Grep and print to stdout at the same time in loop condition

Question

I'm running a test every 60 seconds until it fails. It works fine but I would like to print the output of "npm test" at the same time.

until npm test | grep -m 1 "fail"; do sleep 60 ; done && say fail

I've tried using tee as in the next command but it just runs the loop once:

until npm test | tee >(grep -m 1 "fail"); do sleep 60 ; done && say fail

I'm using OS X.

Answer 1

exec 3>&1; 
until npm test | tee >(cat >&3) | grep -q -m 1 "fail"; do sleep 60 ; done && say fail

exec opens new file descriptor with the number 3 which redirects it's output to file descriptor 1, which is stdout.

Then in until condition we tee the output into file descriptor 3.

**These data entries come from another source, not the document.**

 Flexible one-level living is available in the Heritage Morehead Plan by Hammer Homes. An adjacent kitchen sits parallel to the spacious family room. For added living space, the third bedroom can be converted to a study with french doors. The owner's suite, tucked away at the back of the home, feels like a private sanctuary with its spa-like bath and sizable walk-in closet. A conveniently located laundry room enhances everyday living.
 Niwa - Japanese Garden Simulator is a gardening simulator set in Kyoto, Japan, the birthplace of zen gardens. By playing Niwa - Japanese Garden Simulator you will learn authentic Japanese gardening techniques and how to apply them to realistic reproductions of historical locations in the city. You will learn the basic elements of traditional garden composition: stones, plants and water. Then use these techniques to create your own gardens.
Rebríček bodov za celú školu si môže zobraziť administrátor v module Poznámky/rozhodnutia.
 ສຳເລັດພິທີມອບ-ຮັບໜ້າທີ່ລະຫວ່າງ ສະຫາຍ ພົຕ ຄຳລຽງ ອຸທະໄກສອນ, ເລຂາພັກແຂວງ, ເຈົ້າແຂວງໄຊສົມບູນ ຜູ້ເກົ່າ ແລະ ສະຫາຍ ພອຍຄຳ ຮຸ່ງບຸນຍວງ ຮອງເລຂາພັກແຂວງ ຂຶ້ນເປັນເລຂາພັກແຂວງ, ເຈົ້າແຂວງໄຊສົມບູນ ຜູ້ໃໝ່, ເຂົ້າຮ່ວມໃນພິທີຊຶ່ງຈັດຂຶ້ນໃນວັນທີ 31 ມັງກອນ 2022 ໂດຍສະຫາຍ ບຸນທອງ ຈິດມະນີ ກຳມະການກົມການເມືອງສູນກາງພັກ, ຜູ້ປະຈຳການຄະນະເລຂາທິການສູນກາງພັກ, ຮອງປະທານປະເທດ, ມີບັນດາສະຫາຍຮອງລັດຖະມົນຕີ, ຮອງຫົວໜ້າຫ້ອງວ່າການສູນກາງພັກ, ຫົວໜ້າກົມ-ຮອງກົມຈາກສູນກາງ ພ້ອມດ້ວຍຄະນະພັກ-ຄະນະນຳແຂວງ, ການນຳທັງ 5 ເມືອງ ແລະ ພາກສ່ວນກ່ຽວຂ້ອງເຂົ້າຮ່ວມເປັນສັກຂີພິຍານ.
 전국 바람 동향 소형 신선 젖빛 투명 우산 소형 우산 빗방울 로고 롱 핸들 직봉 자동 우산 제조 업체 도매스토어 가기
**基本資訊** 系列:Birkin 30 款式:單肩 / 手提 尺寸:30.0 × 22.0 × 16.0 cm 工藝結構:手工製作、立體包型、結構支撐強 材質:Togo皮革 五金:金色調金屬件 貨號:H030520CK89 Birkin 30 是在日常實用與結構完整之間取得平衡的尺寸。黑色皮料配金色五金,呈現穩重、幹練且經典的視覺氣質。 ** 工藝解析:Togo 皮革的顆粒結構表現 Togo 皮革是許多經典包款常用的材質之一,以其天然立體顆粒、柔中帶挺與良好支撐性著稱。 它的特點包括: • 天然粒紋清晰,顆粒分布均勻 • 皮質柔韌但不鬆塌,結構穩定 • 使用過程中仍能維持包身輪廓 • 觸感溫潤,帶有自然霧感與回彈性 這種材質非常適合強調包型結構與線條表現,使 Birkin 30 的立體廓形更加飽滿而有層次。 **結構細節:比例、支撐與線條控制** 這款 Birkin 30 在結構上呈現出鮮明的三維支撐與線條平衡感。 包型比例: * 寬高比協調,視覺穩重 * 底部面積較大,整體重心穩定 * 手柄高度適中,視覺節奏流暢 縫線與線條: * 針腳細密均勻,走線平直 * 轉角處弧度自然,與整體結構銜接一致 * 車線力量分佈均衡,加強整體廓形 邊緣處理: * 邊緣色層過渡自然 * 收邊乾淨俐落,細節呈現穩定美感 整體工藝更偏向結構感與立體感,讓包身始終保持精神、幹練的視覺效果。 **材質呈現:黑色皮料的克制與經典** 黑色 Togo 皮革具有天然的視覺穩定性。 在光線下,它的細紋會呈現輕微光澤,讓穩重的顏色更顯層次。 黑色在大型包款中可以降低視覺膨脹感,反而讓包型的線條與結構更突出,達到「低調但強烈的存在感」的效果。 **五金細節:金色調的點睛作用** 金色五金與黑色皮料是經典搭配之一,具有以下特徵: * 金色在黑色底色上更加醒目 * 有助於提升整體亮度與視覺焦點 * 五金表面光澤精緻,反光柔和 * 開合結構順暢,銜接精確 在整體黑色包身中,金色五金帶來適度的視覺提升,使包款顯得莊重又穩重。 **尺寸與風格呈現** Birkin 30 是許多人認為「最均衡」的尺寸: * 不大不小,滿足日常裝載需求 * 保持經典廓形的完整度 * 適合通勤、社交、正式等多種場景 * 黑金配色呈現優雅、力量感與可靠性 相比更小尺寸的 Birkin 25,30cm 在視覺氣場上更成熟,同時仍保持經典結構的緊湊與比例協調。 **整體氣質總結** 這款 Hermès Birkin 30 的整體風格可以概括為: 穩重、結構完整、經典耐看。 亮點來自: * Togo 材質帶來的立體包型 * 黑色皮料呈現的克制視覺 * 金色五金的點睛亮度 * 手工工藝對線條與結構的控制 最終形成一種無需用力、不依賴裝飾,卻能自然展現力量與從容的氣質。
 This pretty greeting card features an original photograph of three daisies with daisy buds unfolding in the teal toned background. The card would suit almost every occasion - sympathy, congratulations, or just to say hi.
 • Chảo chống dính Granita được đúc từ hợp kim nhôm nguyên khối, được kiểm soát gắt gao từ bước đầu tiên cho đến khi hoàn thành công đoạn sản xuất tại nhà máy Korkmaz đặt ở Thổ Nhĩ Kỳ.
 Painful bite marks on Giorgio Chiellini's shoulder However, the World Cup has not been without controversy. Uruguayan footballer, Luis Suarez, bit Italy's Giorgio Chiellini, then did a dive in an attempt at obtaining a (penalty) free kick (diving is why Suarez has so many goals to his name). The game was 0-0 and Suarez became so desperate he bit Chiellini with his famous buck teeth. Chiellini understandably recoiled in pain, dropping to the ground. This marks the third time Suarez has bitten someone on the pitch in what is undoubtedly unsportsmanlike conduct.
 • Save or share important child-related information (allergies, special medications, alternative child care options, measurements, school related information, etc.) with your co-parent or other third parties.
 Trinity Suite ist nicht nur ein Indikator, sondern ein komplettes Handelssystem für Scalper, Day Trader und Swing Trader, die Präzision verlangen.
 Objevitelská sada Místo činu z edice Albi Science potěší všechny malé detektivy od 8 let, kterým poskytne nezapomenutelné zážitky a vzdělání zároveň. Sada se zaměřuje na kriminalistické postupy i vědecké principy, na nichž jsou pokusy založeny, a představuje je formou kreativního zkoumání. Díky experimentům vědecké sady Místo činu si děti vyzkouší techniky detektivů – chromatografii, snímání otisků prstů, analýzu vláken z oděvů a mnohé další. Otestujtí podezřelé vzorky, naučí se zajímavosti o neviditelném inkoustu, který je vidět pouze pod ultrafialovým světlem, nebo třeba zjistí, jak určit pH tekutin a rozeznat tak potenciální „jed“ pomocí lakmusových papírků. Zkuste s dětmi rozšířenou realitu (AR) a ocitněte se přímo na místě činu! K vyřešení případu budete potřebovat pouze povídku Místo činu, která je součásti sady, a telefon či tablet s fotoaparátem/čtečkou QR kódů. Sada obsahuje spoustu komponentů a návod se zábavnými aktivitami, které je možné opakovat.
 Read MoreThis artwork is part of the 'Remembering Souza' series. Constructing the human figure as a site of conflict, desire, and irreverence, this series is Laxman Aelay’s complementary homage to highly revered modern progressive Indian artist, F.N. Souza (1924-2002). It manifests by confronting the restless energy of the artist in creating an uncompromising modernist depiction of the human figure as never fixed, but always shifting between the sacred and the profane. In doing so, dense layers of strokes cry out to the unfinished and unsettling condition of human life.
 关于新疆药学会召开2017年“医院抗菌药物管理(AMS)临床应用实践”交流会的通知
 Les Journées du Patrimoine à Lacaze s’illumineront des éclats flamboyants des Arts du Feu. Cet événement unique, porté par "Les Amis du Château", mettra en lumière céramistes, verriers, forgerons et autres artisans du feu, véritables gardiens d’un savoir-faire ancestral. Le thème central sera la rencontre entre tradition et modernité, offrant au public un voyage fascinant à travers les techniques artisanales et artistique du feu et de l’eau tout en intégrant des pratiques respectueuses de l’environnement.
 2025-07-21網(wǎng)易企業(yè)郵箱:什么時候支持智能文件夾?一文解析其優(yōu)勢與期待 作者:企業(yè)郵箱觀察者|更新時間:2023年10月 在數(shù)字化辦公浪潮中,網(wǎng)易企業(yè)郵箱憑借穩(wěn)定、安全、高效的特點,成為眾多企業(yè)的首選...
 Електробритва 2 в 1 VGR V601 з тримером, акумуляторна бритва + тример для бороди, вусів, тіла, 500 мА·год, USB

You can be a smarty and save cats:

exec 3>&1; 
until npm test | tee /proc/self/fd/3 | grep -q -m 1 "fail"; do sleep 60 ; done && say fail

Answer 2

You could try

until npm test | tee /dev/stderr | grep -m 1 "fail"; do sleep 60 ; done && say fail

The output of npm test is tee'd to stderr. So the same text goes to stdout and stderr. Stdout is processed by grep and stderr is printed to the terminal.